PPP Contentieux général, 13 février 2024 — 23/04015

Fait droit à une partie des demandes du ou des demandeurs en accordant des délais d'exécution au défendeur Cour de cassation — PPP Contentieux général

Texte intégral

Du 13 février 2024

53F

SCI/SMH

PPP Contentieux général

N° RG 23/04015 - N° Portalis DBX6-W-B7H-YRTF

S.A. LA COMPAGNIE GENERALE DE CREDIT AUX PARTICULIERS

C/

[M] [S]

- Expéditions délivrées à

Mme [M] [S]

- FE délivrée à

Me Brigitte CHEMIN-DUFRANC

Le 13/02/2024

TRIBUNAL JUDICIAIRE DE BORDEAUX JUGE DES CONTENTIEUX DE LA PROTECTION Pôle protection et proximité

JUGEMENT EN DATE DU 13 FEVRIER 2024

JUGE : Madame Edith VIDALIE-TAUZIA

GREFFIER : Madame Souad MOHAMED-HAMROUN

DEMANDERESSE :

S.A. LA COMPAGNIE GENERALE DE CREDIT AUX PARTICULIERS RCS de VERSAILLES 317 425 981 [Adresse 2] [Localité 5]

Représentée par Maître Brigitte CHEMIN-DUFRANC de la SCP AVOCAGIR substituée par Me Armelle DUFRANC (Avocat au barreau de BORDEAUX)

DEFENDERESSE :

Madame [M] [S] née le [Date naissance 3] 1998 à [Localité 6] [Adresse 1] [Adresse 1] [Localité 4]

Comparante

DÉBATS :

Audience publique en date du 02 janvier 2024

PROCÉDURE :

Articles 480 et suivants du code de procédure civile.

QUALIFICATION DU JUGEMENT :

Contradictoire, premier ressort

1

EXPOSÉ DU LITIGE :

La SA COMPAGNIE GÉNÉRALE DE CRÉDIT AUX PARTICULIERS (ci-après la SA CREDIPAR), selon offre préalable acceptée le 30 novembre 2020, a consenti à Mme [M] [S] une location avec option d’achat portant sur un véhicule CITROEN DS3 d'une valeur de 10.370 euros. Le contrat prévoit le versement de 59 loyers représentant 1,578% du prix au comptant T.T.C. avec option d’achat au terme de la location moyennant un versement de 25% de la valeur d’achat du véhicule.
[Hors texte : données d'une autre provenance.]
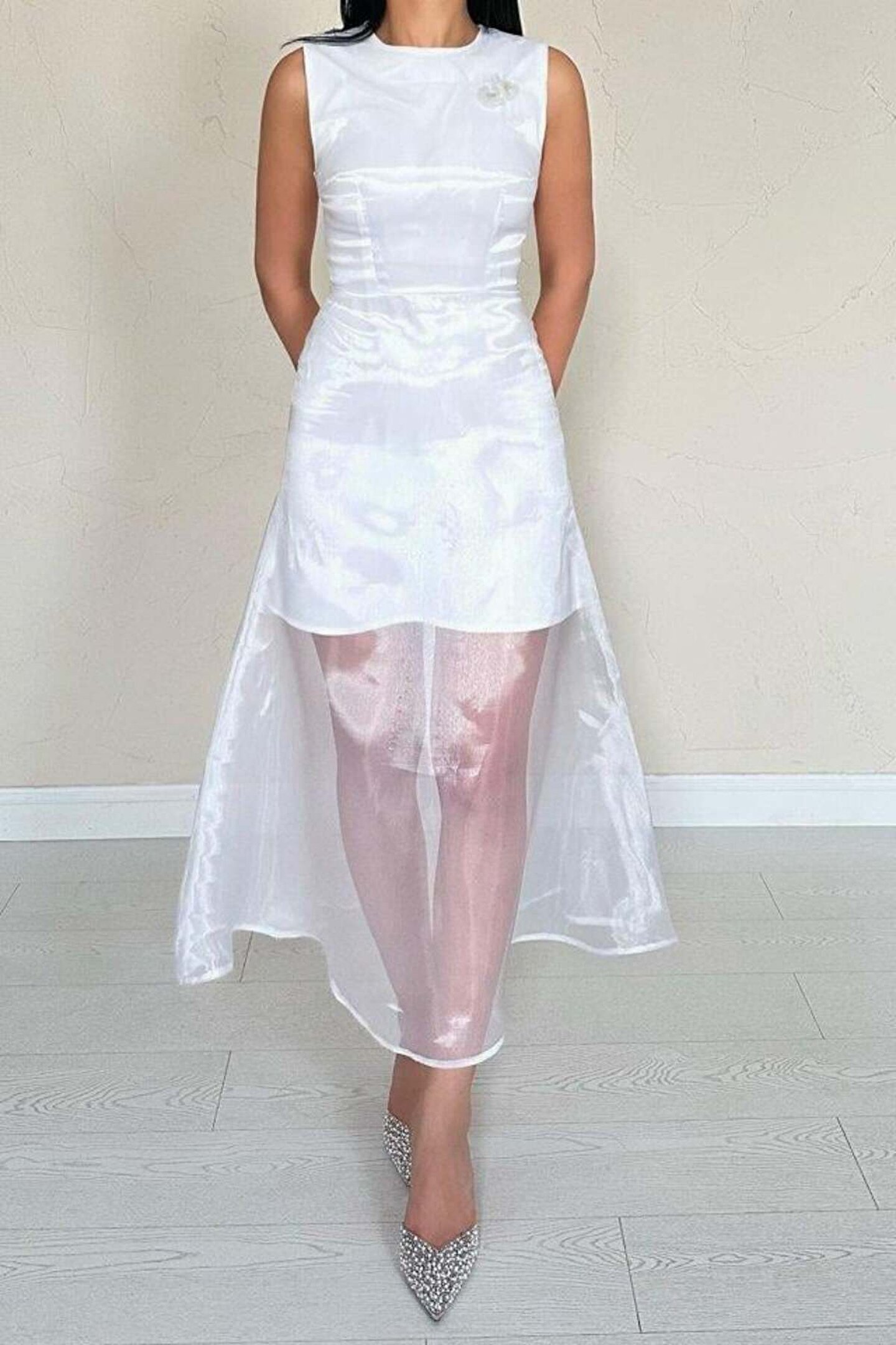 gl00my Beyaz Organze Detaylı Atlas Elbise

Par acte introductif d'instance en date du 25 octobre 2023 la SA CREDIPAR, arguant du défaut de paiement des échéances ayant entraîné la résiliation du contrat, a fait assigner Mme [M] [S] pour obtenir, sous le bénéfice de l’exécution provisoire de la décision à intervenir, sa condamnation au paiement de la somme de 10.768,67 euros en principal, outre les intérêts au taux légal à compter du 16 juin 2023, ainsi que de celle de 1.500 euros au titre de l'article 700 du Code de Procédure Civile et aux entiers dépens.

La SA CREDIPAR, représentée par avocat, a maintenu ses demandes à l’audience du 2 janvier 2024, a précisé en outre que son action n’est pas forclose et à la demande de la juridiction l’interrogeant sur le respect de ses obligations précontractuelles et l’éventuelle sanction qui résulterait d’un manquement, a indiqué fournir l’ensemble des documents justifiant du respect de ses obligations. Elle s’est opposée à l’octroi de délais de paiement.

La juridiction a observé que l’indemnité de résiliation n’est pas soumise à la TVA. La SA CREDIPAR a indiqué avoir pour habitude de la calculer avec TVA.

Mme [M] [S] n’a pas contesté le principe de la créance mais a sollicité, au vu de sa situation économique, des délais de paiement. Elle a indiqué pouvoir verser entre 150 et 200 euros.

MOTIFS

Sur la recevabilité de l’action en paiement Aux termes de l’article R.312-35 du code de la consommation, les actions en paiement engagées à l'occasion de la défaillance de l'emprunteur doivent être formées dans les deux ans de l'événement qui leur a donné naissance à peine de forclusion. Cet événement est caractérisé par : ▸ le non-paiement des sommes dues à la suite de la résiliation du contrat ou de son terme ; ▸ ou le premier incident de paiement non régularisé ; ▸ ou le dépassement non régularisé du montant total du crédit consenti dans le cadre d'un contrat de crédit renouvelable ; ▸ ou le dépassement, au sens du 11° de l'article L. 311-1, non régularisé à l'issue du délai prévu à l'article L. 312-93.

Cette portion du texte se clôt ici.